China in hindsight has been a trap for the greedy ( and i lost a couple of fingers there as well )

i won't be running the calculator over this until the REGULATORY landscape becomes clearer , the regulator might see MFG as a perfect victim to use as an example ( instead of AMP and some others that deserve the complete electron microscope examination )

yes MFG has some issues , but can they find the talent to turn the ship around ,
and a mass exodus near the top of the market , might be their long term savior , imagine the rush market wide if it dropped 60% or more ( in less than a year ) ( i panicked in MFG but ended up awash with cash when the market imploded shortly after , so be one of the few cashed up buyers left )

( i have had several 'lucky escapes ' in the last 10 years , so i know what it is like to make the best choice for all the wrong reasons )
 
Magellan co-founder and chief investment officer Hamish Douglass told anxious staff on Monday that the company could recover, partly thanks to its “relationships with thousands of financial advisers”.
Although not a financial adviser, I worked in Financial Services and let me tell you years ago the Magellan roadshow was spinning out of control.

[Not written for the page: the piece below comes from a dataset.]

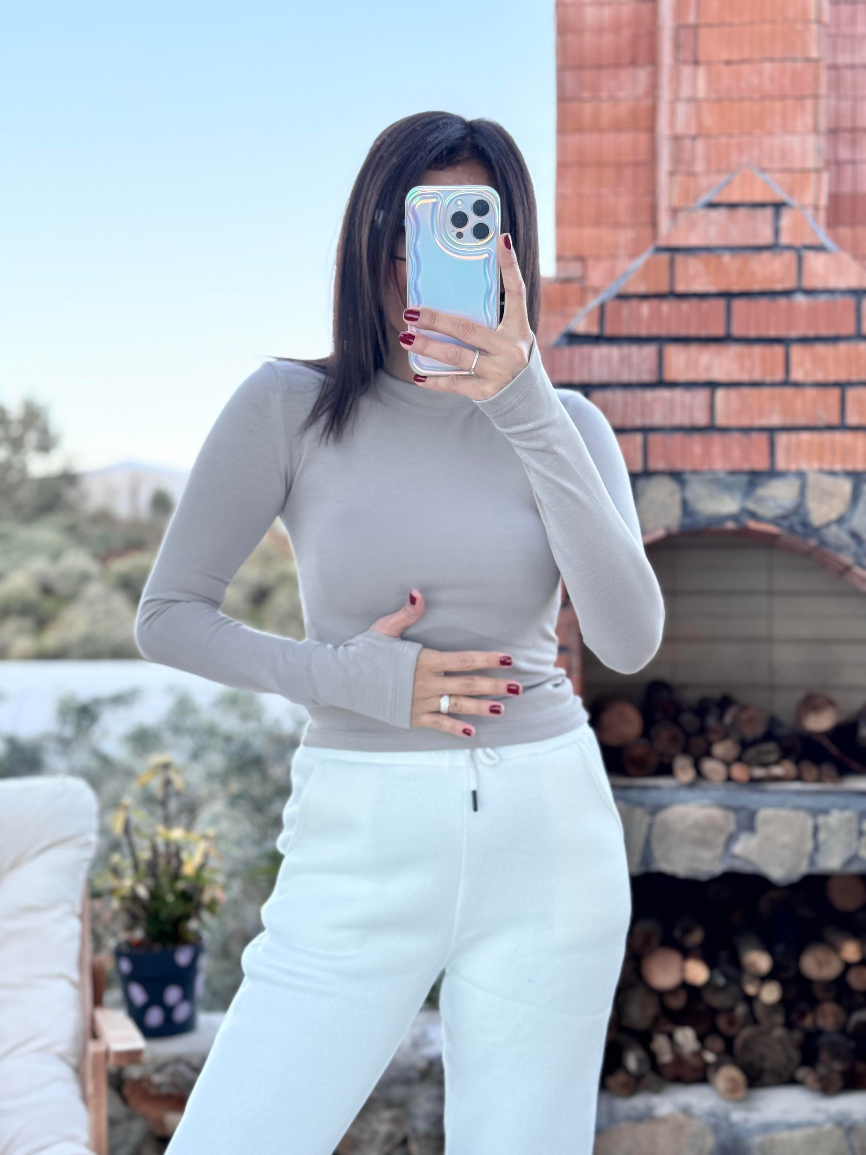 Kadın Bisiklet Yaka Modal Kumaş Uzun Kollu Parmak Geçmeli Badi Bej (1201-5)

Early 2010 and 2011, Hamish would do the legwork and tell the story. But I remember one presentation , about 2016 or maybe 2017, when there was fawning praise from his minions for one advisory group in the room as their longstanding boss was retiring. But listen, small pond, he was a bit of a 'character'. No real enjoyment sitting there squirming as this average Joe was lauded. Sure he brought money in the Magellan door, but so had we. It was uncomfortable, and unnecessary. An insight that they had turned from selling on merits to a marketing outfit.

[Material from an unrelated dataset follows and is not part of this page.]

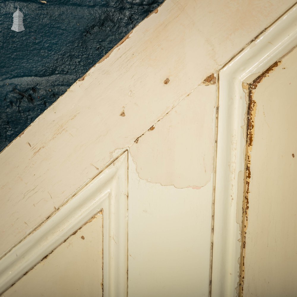 A reclaimed moulded staircase panel. White distressed paint finish. Triangular shaped panelling. Please use the listing photos as a visual reference of the condition.

First hubris, then nemesis.
 
Although not a financial adviser, I worked in Financial Services and let me tell you years ago the Magellan roadshow was spinning out of control. Early 2010 and 2011, Hamish would do the legwork and tell the story. But I remember one presentation , about 2016 or maybe 2017, when there was fawning praise from his minions for one advisory group in the room as their longstanding boss was retiring. But listen, small pond, he was a bit of a 'character'. No real enjoyment sitting there squirming as this average Joe was lauded. Sure he brought money in the Magellan door, but so had we. It was uncomfortable, and unnecessary. An insight that they had turned from selling on merits to a marketing outfit.

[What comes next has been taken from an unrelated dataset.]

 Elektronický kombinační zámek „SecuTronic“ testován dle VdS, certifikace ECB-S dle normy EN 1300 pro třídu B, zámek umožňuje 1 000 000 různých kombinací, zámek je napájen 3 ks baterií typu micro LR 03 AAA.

First hubris, then nemesis.
A quite believable commentary.

Hubris : Atis : Nemesis : Tisis

Hubris, overconfidence threatens the gods, annoying Zeus. Atis is sent to dim and blur the mind and vision. This leads to further insults to the gods and nemesis, the reckoning. The end result is tisis which I believe is the final punishment.

One wonders where young Douglass and MFG sit on this continuum.